I’ve been getting weekly immunoglobulin infusions for 4 months now and it’s become routine (prior posts about this treatment can be found here and here). Not only routine, but to keep the success going, my superstition causes me to keep everything identical each time. I drink 4 liters of water the day before, the day of and the day after my infusions. Every Monday, I tidy up, run the Roomba and take a shower. I drink electrolytes, make my chicken and vegetable soup and don’t take any supplements. I take 3mg Prednisone, remove the saline bag and Gamunex from the fridge and wrap the fluids in my heating pad.
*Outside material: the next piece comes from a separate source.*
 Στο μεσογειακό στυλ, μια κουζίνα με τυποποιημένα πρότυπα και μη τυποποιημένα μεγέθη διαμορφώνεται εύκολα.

When my nurse arrives, I get into bed and she hooks up the IV and sets the pump. Half an hour later, I take 650mg Tylenol, 25mg Benadryl and 10mg Zantac and then, before the Benadryl kicks in, I prep the Gamunex (I have to suck it from the vial into a fat syringe, which is surprisingly hard to do and painful on the hands). After the saline has been running for an hour, I insert 4 subcutaneous needles into my thighs. I could use wider tubing (for a faster infusion rate) or fewer needles, but, again, I’m sticking with what works, even if it’s not the norm for other patients. For the first few months, I did change where I inserted the needles, trying different areas on my belly and legs, but now I stick with the inner thighs which proved the least painful for me. I then fall into an antihistamine-stupour sleep and my (wonderful) nurse leaves once my husband gets home. In theory, she could leave as soon as she has inserted the IV catheter, which would be a half hour max, but because of my history of reactions and anaphylaxis, she’s extra cautious. By 8pm, I can disconnect the IV, remove the infusion needles and go downstairs to make dinner (this treatment makes me ravenous).


When I first started infusions, I would have to take more Tylenol and Benadryl at around 9pm, my sleep would be horrid for a few nights from the steroids and I’d be dragging and headachy for at least a day afterwards. Recently, besides sleep, which will be my nightly nemesis forevermore, it seems, I haven’t had any problems. No need for extra meds, no dragging, no headache (except later in the week, which could be because I drastically drop off my hydration). In fact, it almost feels like my body is eagerly drinking up the infusions each week. In fact… the last 5 or 6 weeks have been… so nervous to say it (cover your ears, gods!)… good. Some of the best weeks I can remember. I feel freer — less restricted by pain, less confined by finite energy reserves, able to push boundaries without fear. My headaches have been more infrequent, my skin is better, my debilitating neuro symptoms have been more intermittent. I’ve been driving to nearby appointments again and I’ve been able to talk to the point of being hoarse, but without a weak voice. This last thing is very exciting to me.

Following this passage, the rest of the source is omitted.